Under the UBS buyout deal, the Swiss regulator decided that Credit Suisse’s AT1 bonds with a notional value of $17 billion will be valued at zero, angering some of the holders of the debt who thought they would be better protected than shareholders in the takeover deal announced on Sunday.

In India, a similar fate awaited the AT1 bond holders in Yes Bank in 2020. Yes Bank had written down Rs 8,415 crore impacting retail investors that included senior citizens who alleged the instruments were mis-sold to them. The Yes Bank’s dues of around $1 billion dwarfs in the face of the losses of Credit Swisse investors.

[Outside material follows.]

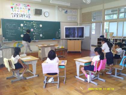 「自然観察の森で学んだことをふりかえろう」というめあてです。目、鼻、耳、手と心で感じたことを、自分なりにプリントに書き出し発表します。どの子も積極的に発表でき、友達の意見もしっかり聞けて、素晴らしいなと思いました。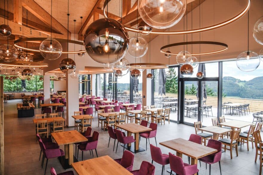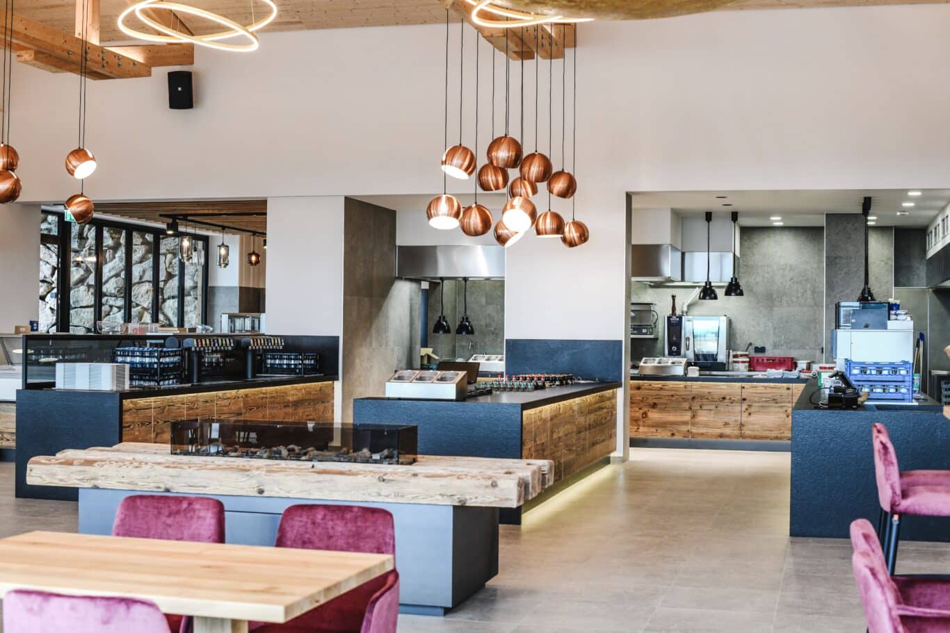 Besuchen Sie unsere neue „Edelwies-Alm“ und genießen Sie in unserem spektakulären Restaurant leckere Speisen und Getränke.

The EU regulators — the European Central Bank, the European Banking Authority and the Single Resolution Board — said they would continue to impose losses on shareholders before bondholders. “This approach has been consistently applied in past cases and will continue to guide the actions of the SRB and ECB banking supervision in crisis interventions,” they said in a statement.

The comments helped the price of bank bonds cut losses and were echoed by the Bank of England shortly after. AT1 became popular with banks and market participants in the past decade as lenders looked for ways of building up capital to meet supervisors’ requirements without issuing equity. “Additional Tier 1 is and will remain an important component of the capital structure of European banks,” the EU regulators said in their joint statement. Credit Suisse’s AT1 bonds contained a clause allowing Swiss authorities to write them off if the bank became unviable, regardless of what happens to the shares. This clause is not typically included in EU bonds, analysts said.

The rudest shock in the rushed deal to save embattled Swiss lender Credit Suisse Group AG was reserved for the holders of the bank’s riskiest tranche of bonds. Not only did investors discover they are the only investors not getting any compensation but that the long-established practice of giving bondholders priority over shareholders in debt recovery had been turned on its head.